> [Record set]
>>
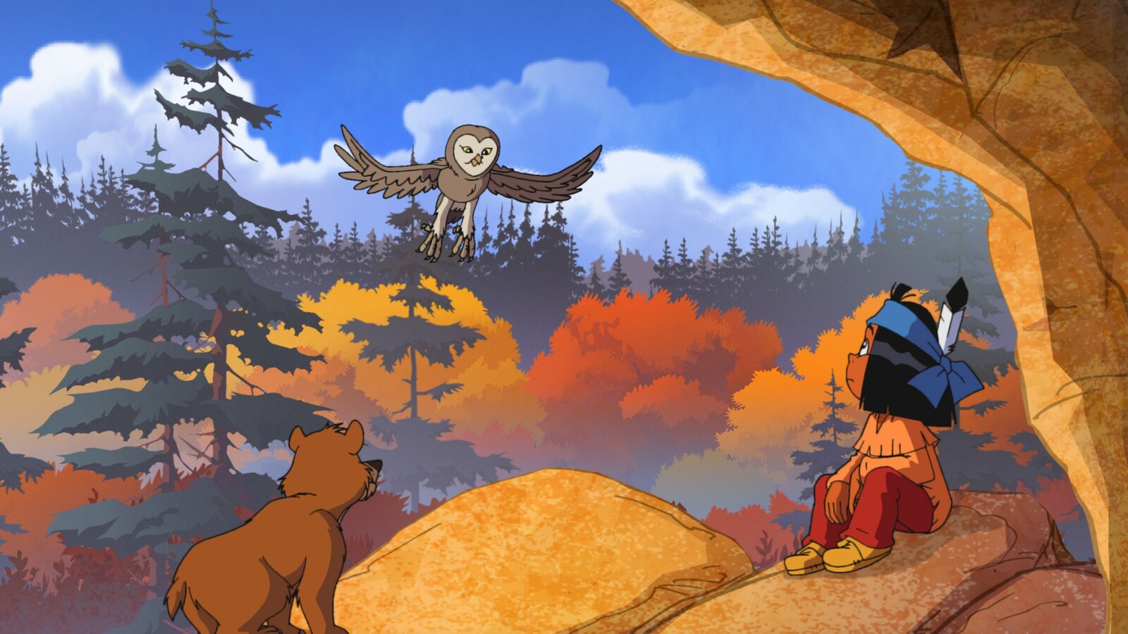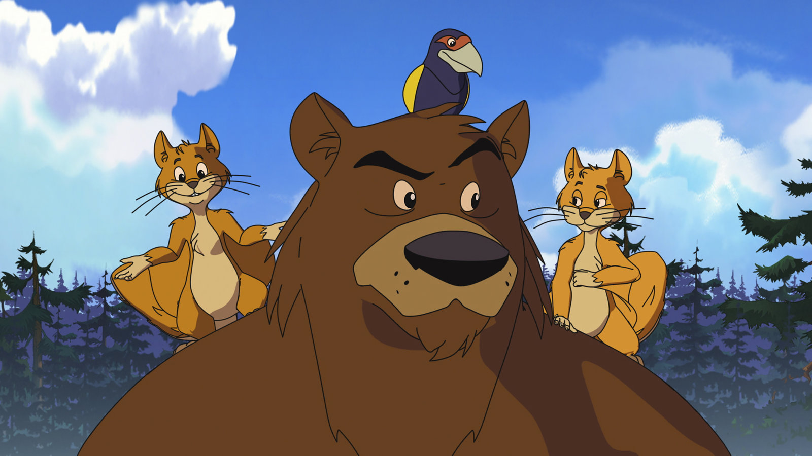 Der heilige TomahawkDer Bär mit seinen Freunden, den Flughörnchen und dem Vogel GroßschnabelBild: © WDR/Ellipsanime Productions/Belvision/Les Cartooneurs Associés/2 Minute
<<
>>
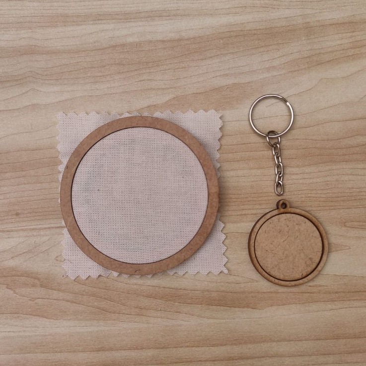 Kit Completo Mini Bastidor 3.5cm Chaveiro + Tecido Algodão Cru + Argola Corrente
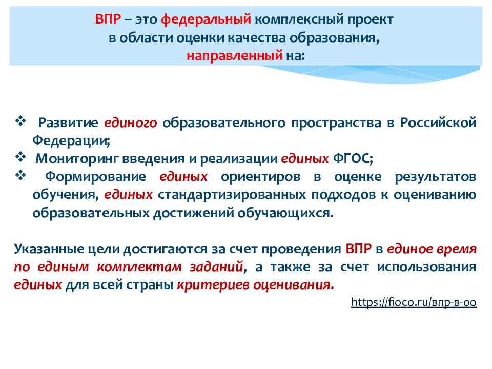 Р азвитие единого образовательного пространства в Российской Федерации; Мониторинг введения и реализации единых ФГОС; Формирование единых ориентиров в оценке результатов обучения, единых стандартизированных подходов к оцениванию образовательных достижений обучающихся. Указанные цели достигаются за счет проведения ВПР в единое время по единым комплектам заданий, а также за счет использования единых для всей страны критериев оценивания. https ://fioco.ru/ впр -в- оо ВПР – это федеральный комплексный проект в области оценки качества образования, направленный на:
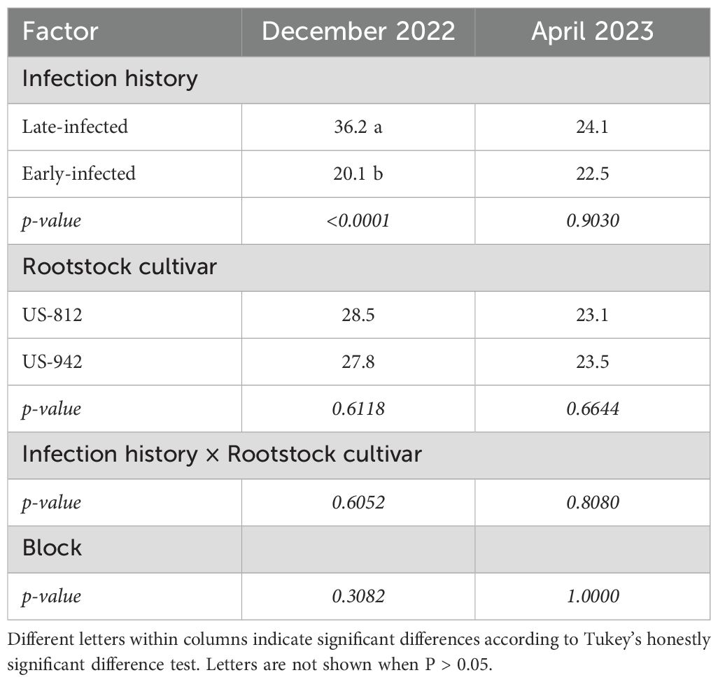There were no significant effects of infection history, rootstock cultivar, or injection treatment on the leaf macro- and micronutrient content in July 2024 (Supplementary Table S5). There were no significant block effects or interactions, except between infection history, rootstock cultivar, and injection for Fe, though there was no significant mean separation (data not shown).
<<
Look above for the line with "Kit Completo Mini" and the line with "There were no significant effects", then restate exactly those two lines and all lines between them, with no pictures.

 Kit Completo Mini Bastidor 3.5cm Chaveiro + Tecido Algodão Cru + Argola Corrente
 Р азвитие единого образовательного пространства в Российской Федерации; Мониторинг введения и реализации единых ФГОС; Формирование единых ориентиров в оценке результатов обучения, единых стандартизированных подходов к оцениванию образовательных достижений обучающихся. Указанные цели достигаются за счет проведения ВПР в единое время по единым комплектам заданий, а также за счет использования единых для всей страны критериев оценивания. https ://fioco.ru/ впр -в- оо ВПР – это федеральный комплексный проект в области оценки качества образования, направленный на:
There were no significant effects of infection history, rootstock cultivar, or injection treatment on the leaf macro- and micronutrient content in July 2024 (Supplementary Table S5). There were no significant block effects or interactions, except between infection history, rootstock cultivar, and injection for Fe, though there was no significant mean separation (data not shown).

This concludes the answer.